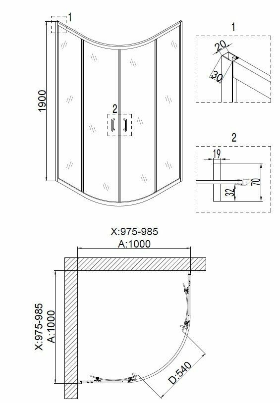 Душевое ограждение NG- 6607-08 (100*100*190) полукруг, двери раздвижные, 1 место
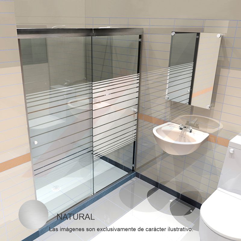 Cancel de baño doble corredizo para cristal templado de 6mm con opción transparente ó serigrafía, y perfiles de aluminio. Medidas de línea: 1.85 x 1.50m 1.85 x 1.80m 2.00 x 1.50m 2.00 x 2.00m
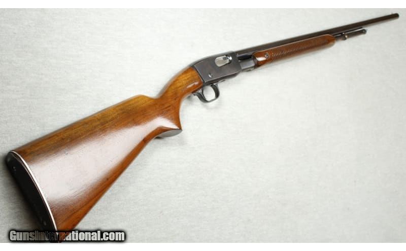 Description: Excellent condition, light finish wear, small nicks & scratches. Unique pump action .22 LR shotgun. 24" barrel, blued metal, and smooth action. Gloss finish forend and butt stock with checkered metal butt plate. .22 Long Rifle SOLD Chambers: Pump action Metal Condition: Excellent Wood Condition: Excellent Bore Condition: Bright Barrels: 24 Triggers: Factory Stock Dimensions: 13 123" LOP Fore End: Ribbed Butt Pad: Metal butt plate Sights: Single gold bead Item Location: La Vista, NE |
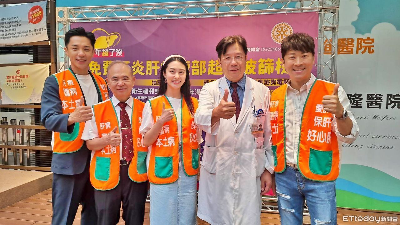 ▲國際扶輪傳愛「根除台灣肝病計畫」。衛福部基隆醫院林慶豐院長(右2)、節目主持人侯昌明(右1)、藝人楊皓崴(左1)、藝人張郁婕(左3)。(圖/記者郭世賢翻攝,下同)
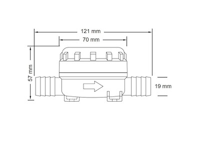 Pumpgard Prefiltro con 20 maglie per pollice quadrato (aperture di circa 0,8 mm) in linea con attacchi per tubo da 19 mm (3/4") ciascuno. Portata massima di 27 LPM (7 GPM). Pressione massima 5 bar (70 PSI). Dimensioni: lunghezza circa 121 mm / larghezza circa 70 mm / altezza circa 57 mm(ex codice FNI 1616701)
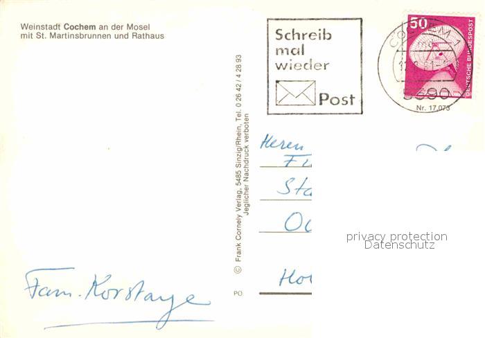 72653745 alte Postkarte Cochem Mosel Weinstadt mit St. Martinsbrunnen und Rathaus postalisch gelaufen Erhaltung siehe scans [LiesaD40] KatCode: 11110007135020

= = = = = = =

▸ **What is being asked**:
Exactly as written, restate the lines from the one that contains "Pumpgard Prefiltro con" through the final line of the data, both ends included, but leave out the pictures.

▸ **Written response**:
 Pumpgard Prefiltro con 20 maglie per pollice quadrato (aperture di circa 0,8 mm) in linea con attacchi per tubo da 19 mm (3/4") ciascuno. Portata massima di 27 LPM (7 GPM). Pressione massima 5 bar (70 PSI). Dimensioni: lunghezza circa 121 mm / larghezza circa 70 mm / altezza circa 57 mm(ex codice FNI 1616701)
 72653745 alte Postkarte Cochem Mosel Weinstadt mit St. Martinsbrunnen und Rathaus postalisch gelaufen Erhaltung siehe scans [LiesaD40] KatCode: 11110007135020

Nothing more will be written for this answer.